Il suo abbandono, proprio quando grazie a lui la band cominciava a
guadagnare i primi successi, è il preludio a un lungo periodo di
instabilità e sofferenza, psichica e fisica, dovuto dapprima all'abuso
di droghe e poi al disastroso tentativo di uscirne a colpi di
elettroshock e pesanti dosi di psicofarmaci. Un calvario che lo vede
vicino al suicidio e che passa attraverso la prigione e il manicomio.
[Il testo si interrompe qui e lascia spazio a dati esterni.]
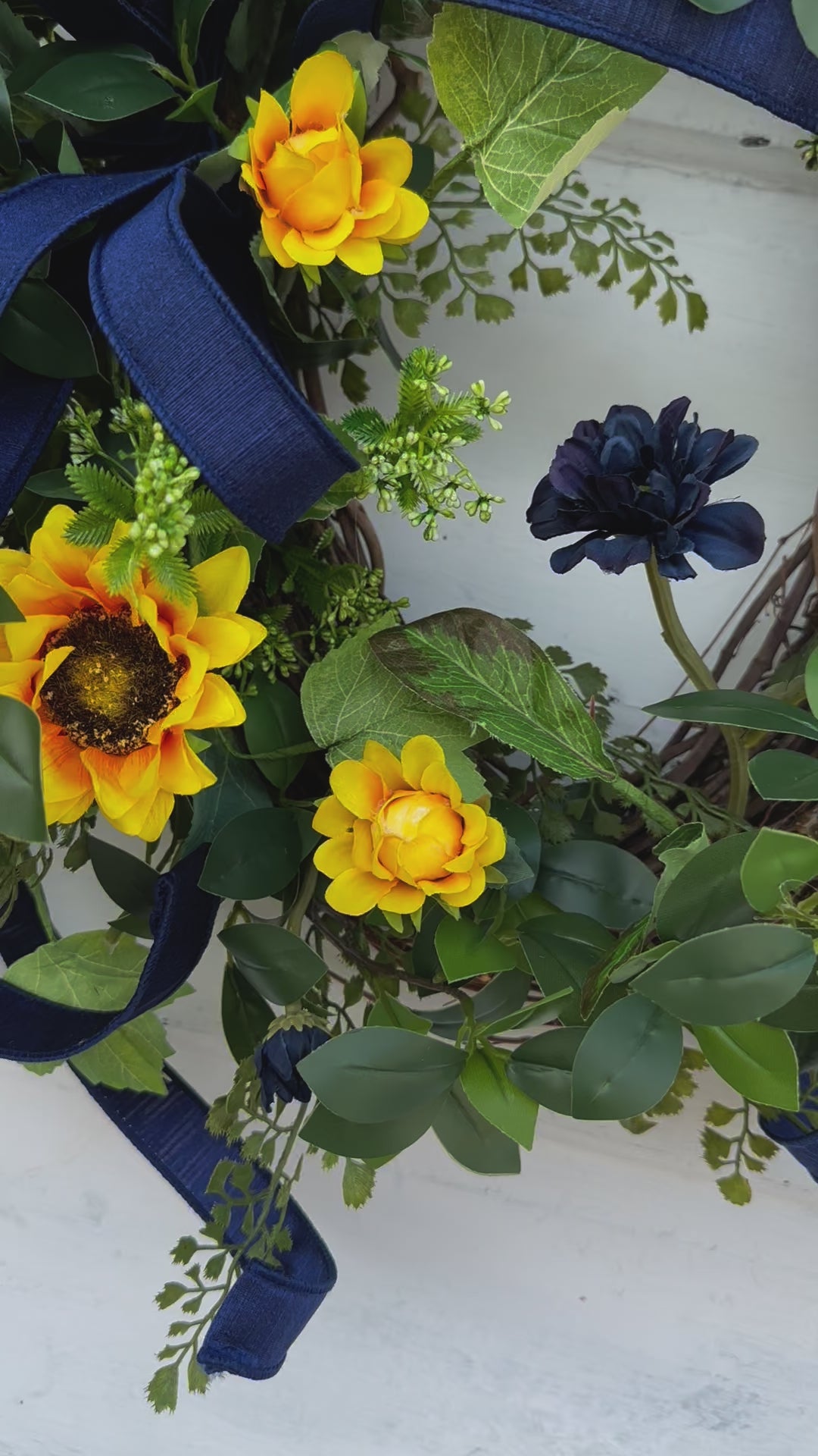 Crafted onto a sturdy grapevine base, the wreath is adorned with lush greenery and bold navy ribbons that beautifully complement the cheerful yellow of the sunflowers. This color combination is not only striking but also versatile, blending seamlessly with both bright summer themes and the richer tones of autumn.
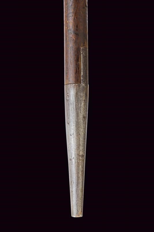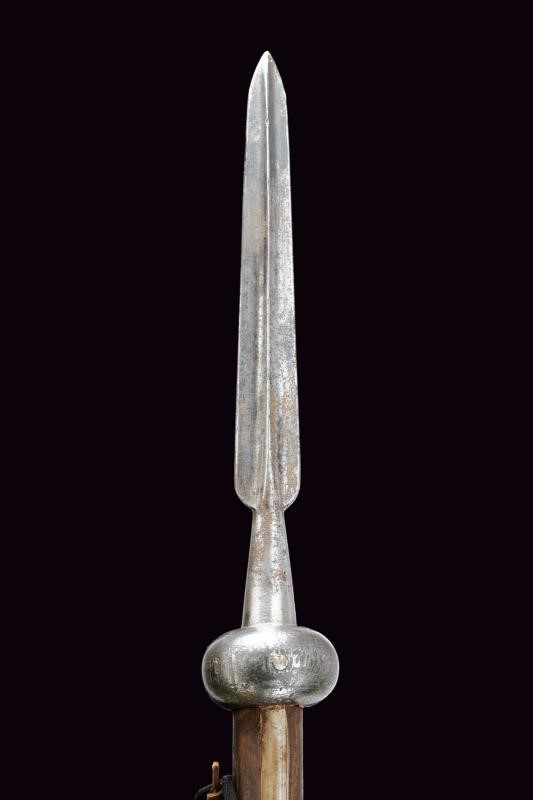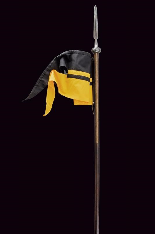 Robusta cuspide a sezione cruciforme su base sferoide marcata "86". Con due bandelle fissate a un fusto cilindrico in legno con piede in ferro. La banderuola è di epoca recente.
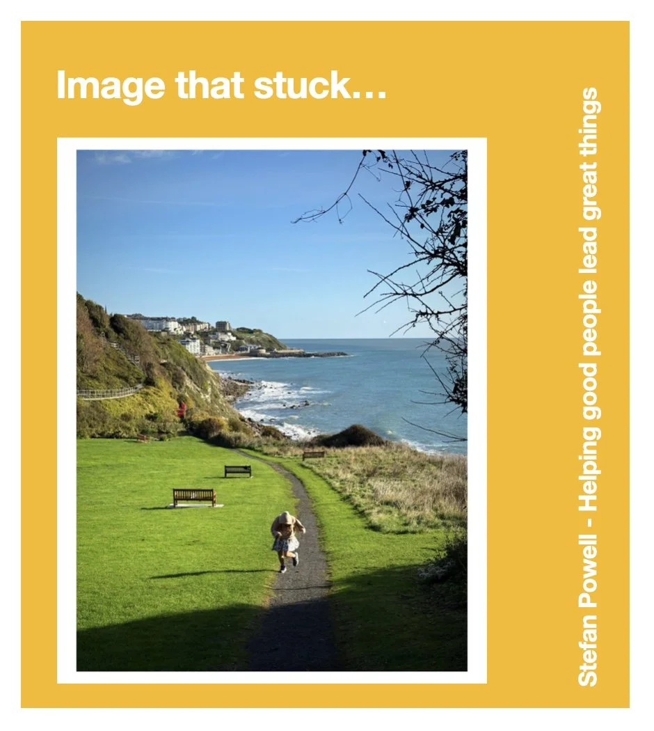 A column breaking the view to the sea; which prompted a photo on Freshwater bay which reminded me of boardrooms, town halls, and strategy days. Moments where what’s immediately in front of you - a problem, a person, a pressure - obscures the bigger picture. A visual metaphor for the role of coaching in helping those i coach see round, through over the obstacle; by changing perspective and where you ‘stand’.
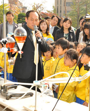 30일 오전 전주시청 앞 노송광장에서 열린 '폐식용유 바이오 연료화 사업' 선포식에 참여한 코끼리 유치원 아이들이 폐식용유를 바이오디젤로 생산하고 있는 정읍 소재 에코솔루션 김명중 공장장이 폐식용유의 정제과정을 설명하고 있다.
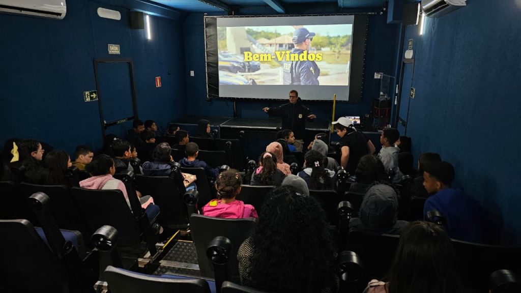 A Carreta Cinema da Polícia Rodoviária Federal (PRF) está em São Joaquim pela primeira vez, em uma ação inédita promovida em parceria com o Departamento Municipal de Trânsito (Demtran). A estrutura, instalada em frente à Praça Cezário Amarante, oferece quatro sessões diárias até sexta-feira, dia 21, para alunos da rede municipal, estadual e particular de ensino.
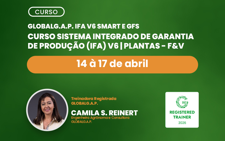 O GTA abre nova turma do treinamento GLOBALG.A.P. IFA V6 SMART e GFS – Sistema Integrado de Garantia da Produção (Plantas – F&V), voltado a profissionais que atuam na produção agrícola e buscam alinhamento com um dos principais sistemas de certificação reconhecidos internacionalmente.
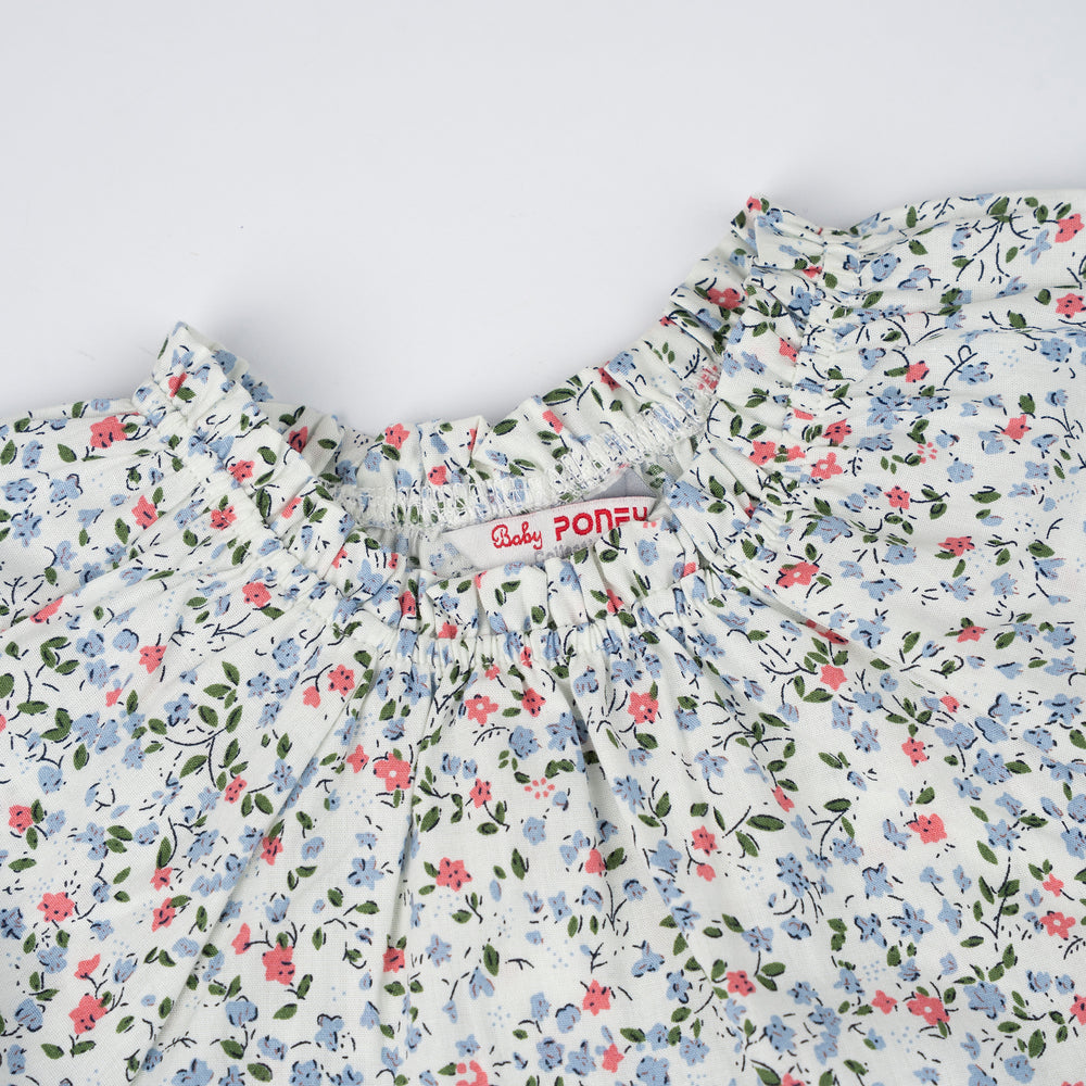 Poney Baby Girls Lt Blue Flowers Short Sleeve Blouse & Legging Set
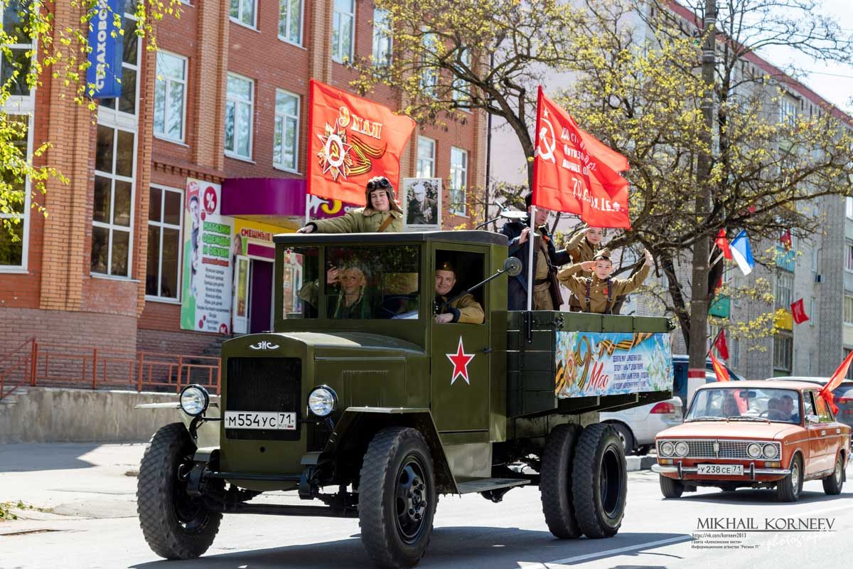 Жители Алексина встретили 80-летие со Дня Победы в Великой Отечественной войне большим автопробегом от микрорайона Петровское до Кургана славы.
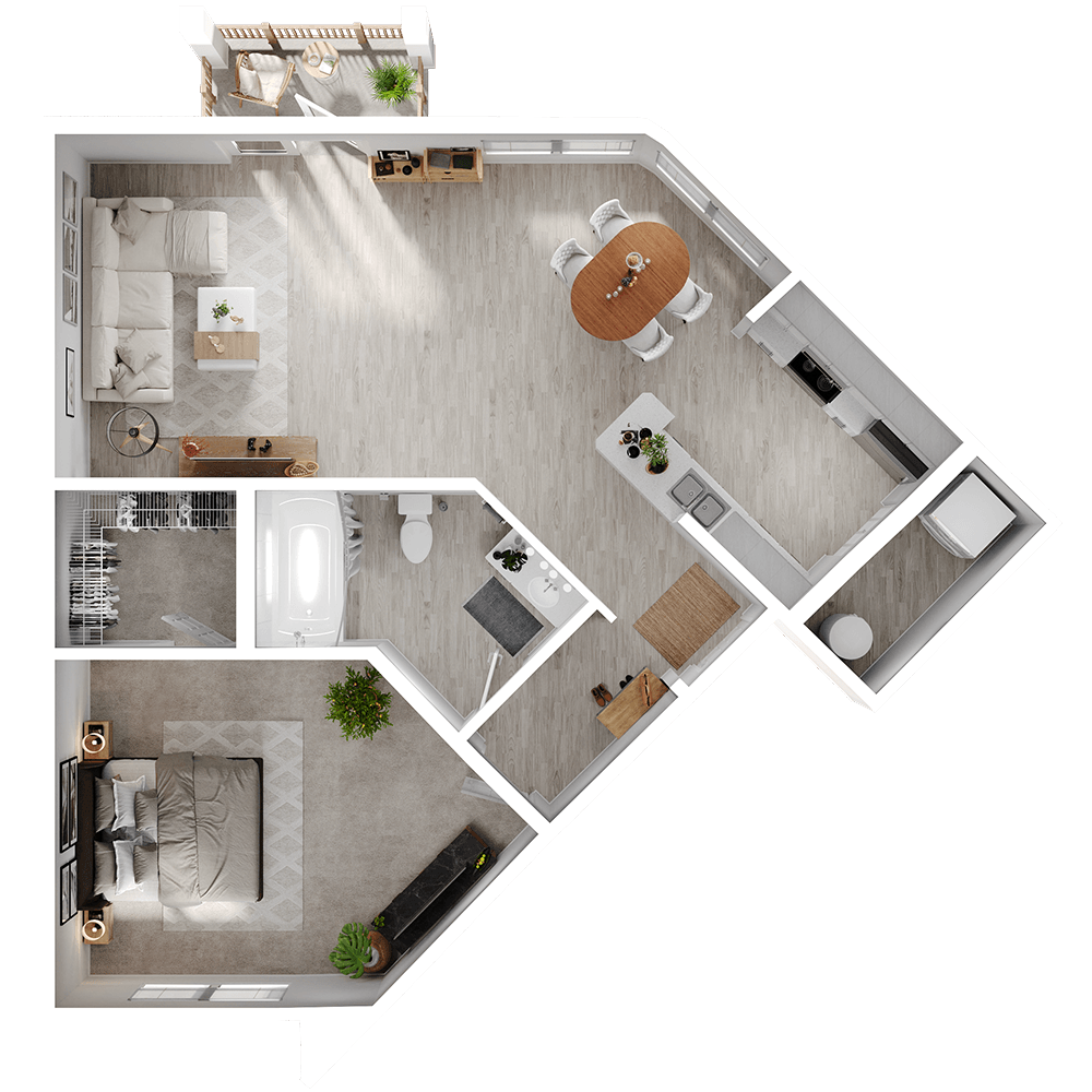 1 Bed, 1 Bath, 691 sq ftAvailable NowModel Gallery
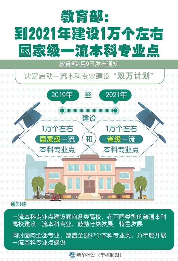新華社北京4月9日電(記者施雨岑)教育部9日發(fā)布通知,決定啟動一流本科專業(yè)建設(shè)“雙萬計(jì)劃”,2019年至2021年建設(shè)1萬個(gè)左右國家級一流本科專業(yè)點(diǎn)和1萬個(gè)左右省級一流本科專業(yè)點(diǎn)。
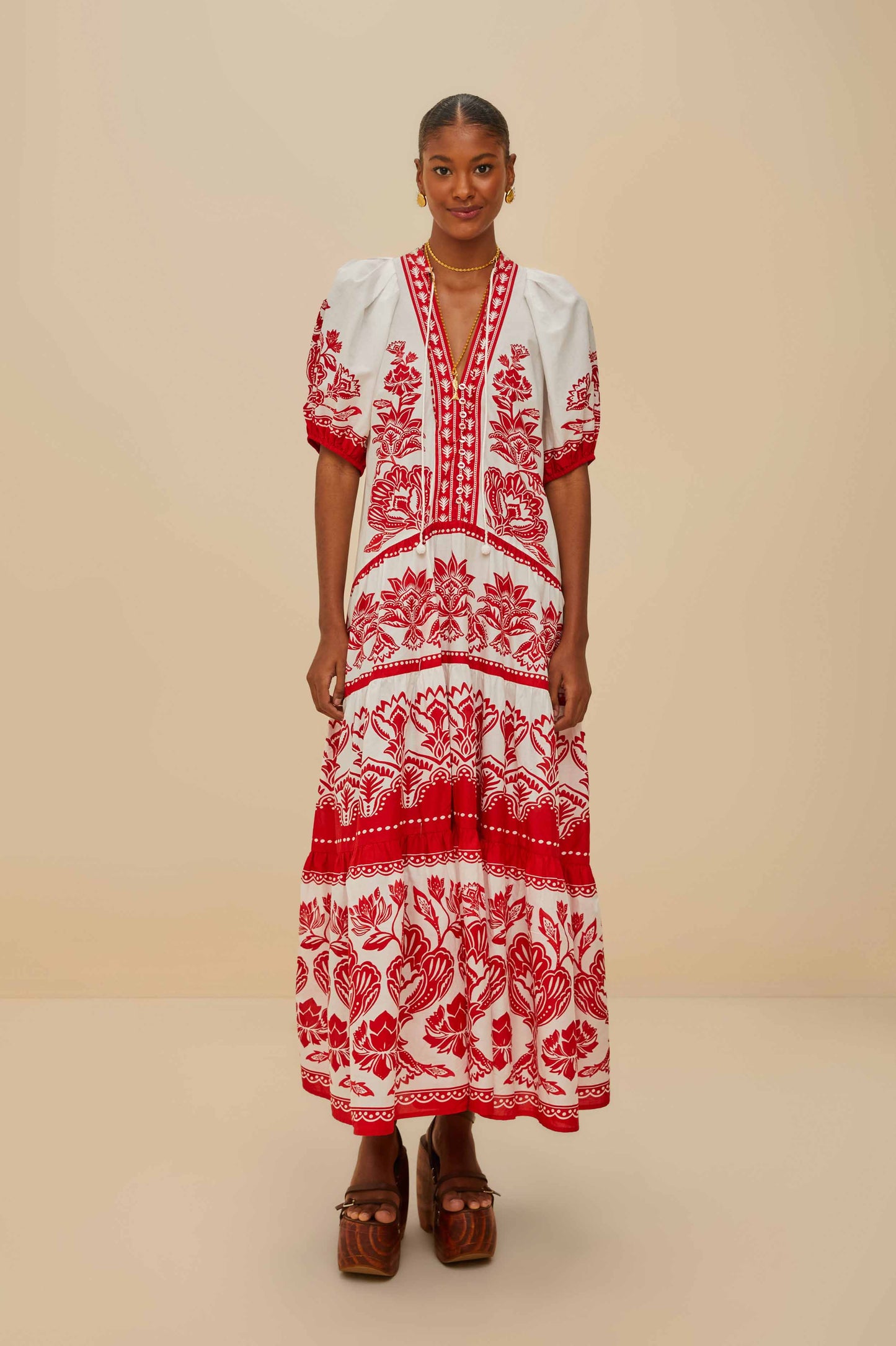 Embrace bohemian charm with the off-white boho garden short sleeve midi dress from FARM Rio. Adorned with vibrant red floral patterns, this dress features a graceful V neckline and playful puffed sleeves, creating a harmonious blend of elegance and whimsy. The flowing silhouette and intricate embroidery evoke a sense of wanderlust, making it a perfect choice for sunlit strolls and dreamy gatherings.

L'abbandono dei Fleetwood Mac coincide con la pubblicazione del suo
primo lavoro solista, l'inquieto e discontinuo
The End Of The Game, cui seguono otto anni di silenzio. Il rientro
discografico avviene In The Skyes, che finalmente restituisce al pubblico il
chitarrista dal fluido fraseggio e il compositore degli esordi Fleetwood
Mac. Nel 1981 partecipa a un brano di
The Visitors, debutto solista dell'antico compagno Mick
Fleetwood. E' questa la seconda fase della carriera di Green che
pubblica con continuità, ma qualità alterna, sino al 1987, passando da
album dignitosi, come Little Dreamer, ad altri di routine, come
Kolors e
White Sky. Anche questa fase si chiude presto con
A Case For The Blues, a nome Katmandu, nuovo effimero progetto con
Vincent Crane. Green, di nuovo perso tra i suoi personali demoni,
sparisce dalle scene sino al maggio 1996, quando a sorpresa partecipa
alla terza edizione dell'Alexis Korner Memorial nella cittadina inglese
di Buxton. In quella occasione è leader dei Peter Green Splinter Group,
con Nigel Watson (chitarra), Neil Murray (basso) e Cozy Powell
(batteria). Con questa formazione inaugura la terza fase della sua
tormentata carriera. Dopo alcuni assestamenti, il gruppo prende una
forma definitiva e inaugura una discreta serie di album,
Peter Green Splinter Group,
Time Traders, pur con qualche passo falso come
The Robert Johnson Song Book, e una nutrita serie di concerti e tour in
USA, Europa e Giappone. Alcune di queste date vedono Green accanto ad
alcuni dei suoi vecchi idoli e mentori, come B.B. King e John Mayall.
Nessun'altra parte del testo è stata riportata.